In a statement, the Ministry of the Interior said: 'The insurgents handed over a bag with a homemade bomb to an eight-year-old girl and asked her to take it to police forces.

‘As the girl was getting close to the police, it exploded and killed the girl.’

There have been occasional cases of insurgents using female bombers - or more commonly of fighters dressing as women in burqas - but the use of children had been almost unheard of until recently.

In May, Afghan police paraded four boys, all under 13, they said had been recruited as bombers from their homes in neighbouring Pakistan.

One of the boys said they had been told they would live through the suicide attacks.

The Taliban later denied they were recruiting children to carry out suicide attacks.

The latest incident took place in the Char Chino district of Uruzgan province in southern Afghanistan.
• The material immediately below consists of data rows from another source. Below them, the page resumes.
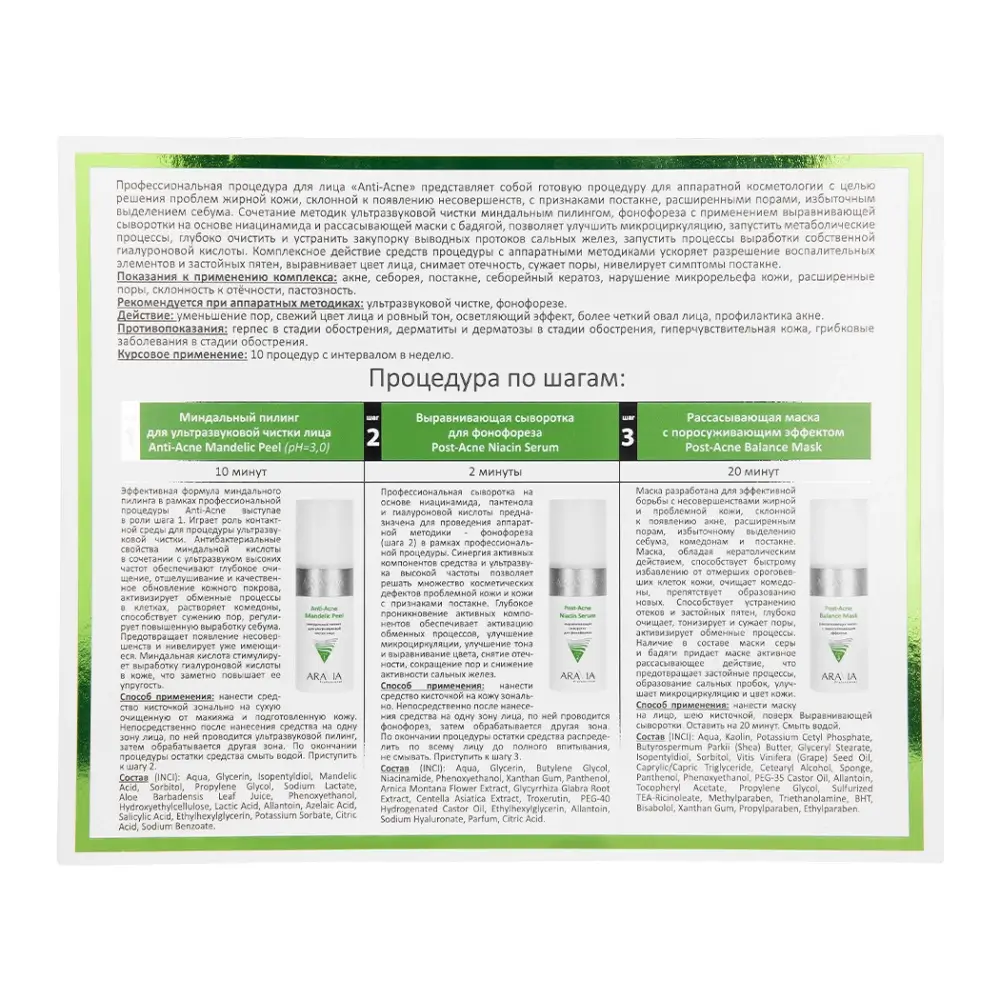 Профессиональная процедура для лица «Anti-Acne» для решения проблем жирной кожи, склонной к появлению несовершенств, с признаками постакне, расширенными порами, избыточным выделением себума, позволяет улучшить микроциркуляцию, запустить метаболические процессы, глубоко очистить и устранить закупорку выводных протоков сальных желез, запустить процессы выработки собственной гиалуроновой кислоты. Комплексное действие средств процедуры с аппаратными методиками ускоряет разрешение воспалительных элементов и застойных пятен, выравнивает цвет лица, снимает отечность, сужает поры, нивелирует симптомы постакне.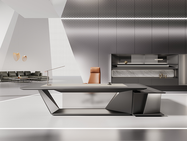 博奧是一款極具建筑感的硬朗風(fēng)格班臺。通過對大量現(xiàn)代幾何建筑硬朗線條的提煉概括以及融入一些未來主義概念設(shè)計的元素,表達(dá)了科爾卡諾對未來主義班臺的設(shè)想,像世人詮釋著幾何、極簡、未來至上的理念。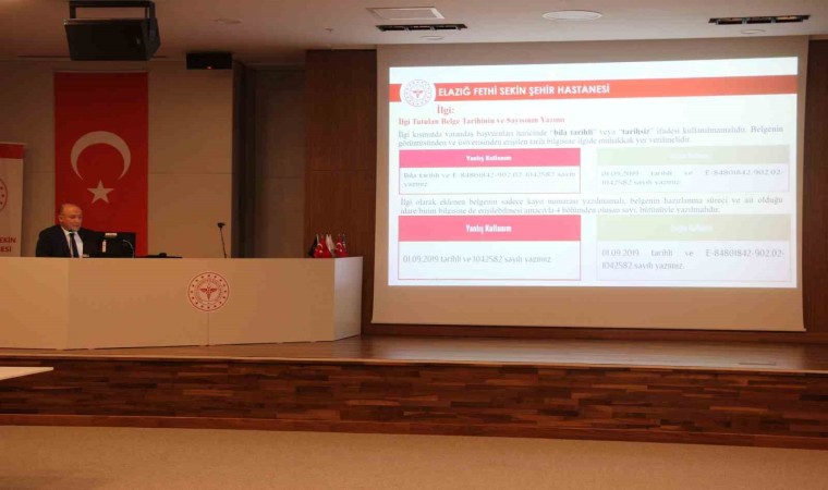 Elazığ Fethi Sekin Şehir Hastanesi çalışanlarına yazışma kuralları konulu eğitim verildi.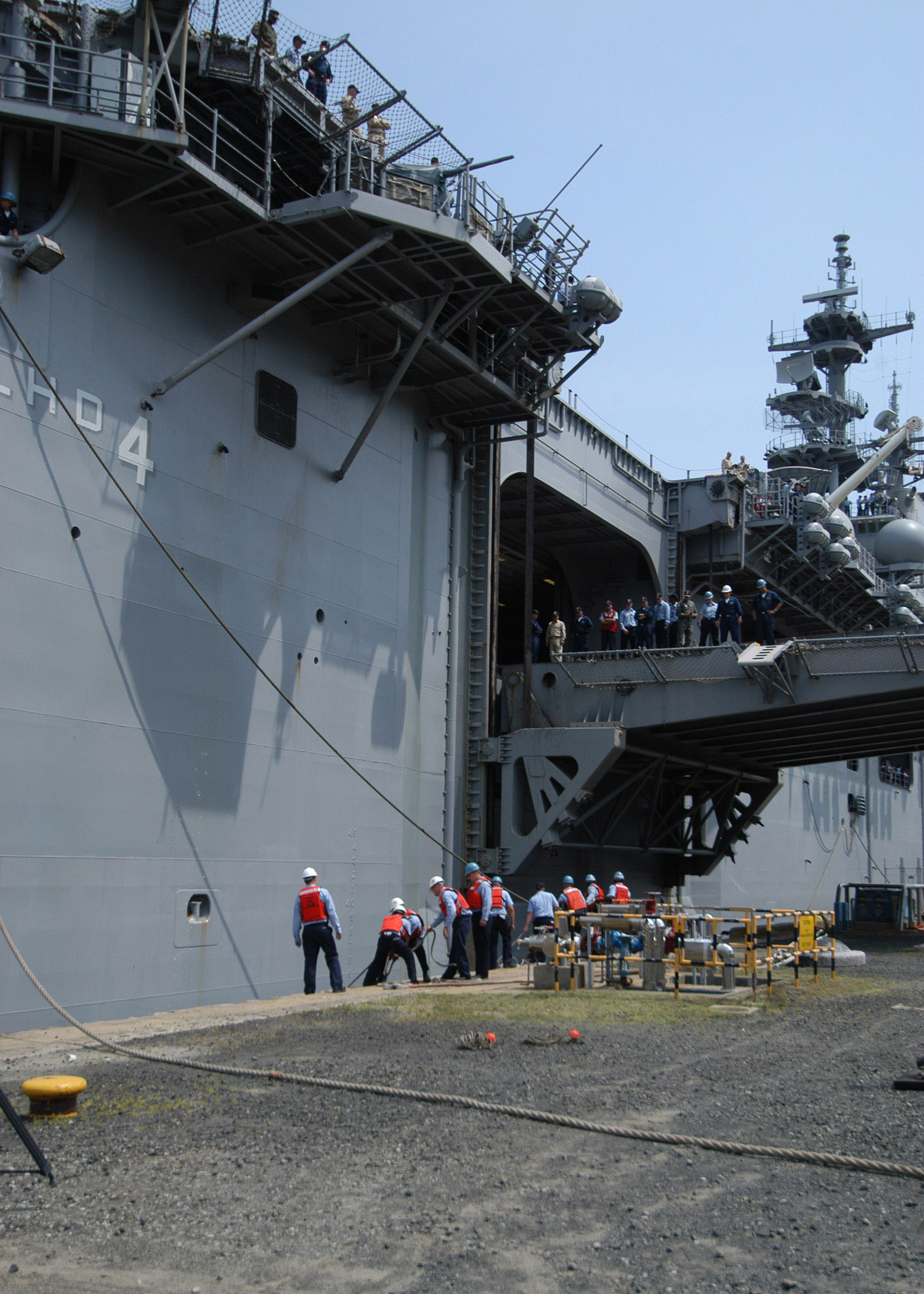 74k | USS Boxer (LHD-4) moored astern of USS John Paul Jones (DDG-53) at Fort Hill Wharf, Darwin, Australia, 3 June 2005. Official Royal Australian Navy photo. | Bill Gonyo | |

There were no police casualties.

The death comes as four NATO troops were killed over the past two days, including two Spanish soldiers who died today after a homemade bomb exploded in western Afghanistan.

Meanwhile, the death toll from a bombing at an Afghan hospital yesterday has increased.

The health director of Logar province where the blast happened, put the death toll at 38, while the police chief of the district said that 33 people had been killed.

Military and civilian casualties hit record levels in 2010, the most violent year of the war since US-backed Afghan forces toppled the Taliban in late 2001.

Elsewhere, a special US envoy to Afghanistan and Pakistan is in Kabul for regional talks in the wake of President Barack Obama's announcement of a US drawdown from the country.

Ambassador Marc Grossman, will highlight US commitment to a 'long-term, enduring partnership' with Afghanistan.

During his visit, Mr Grossman will also attend a meeting of the International Contact Group for Afghanistan.

In addition, he will hold talks with Afghan President Hamid Karzai, National Security Adviser Rangin Dadfar Spanta and United Nations Special Representative Staffan de Mistura.

The special envoy will also represent the US at the third meeting of the US-Afghanistan-Pakistan Core Group 'to support a process of Afghan-led reconciliation.'

Mr Obama announced on Wednesday a plan to withdraw 33,000 surge troops from Afghanistan by the end of next summer, which his military commanders said was more 'aggressive' than they had recommended.

The move came as the American public grows increasingly impatient with a war that has dragged on for nearly a decade.

White House officials insist Mr Obama's move was based on military strategy, not politics, and that progress on the battlefield and the killing of al-Qaeda leader Osama bin Laden had made the drawdown possible.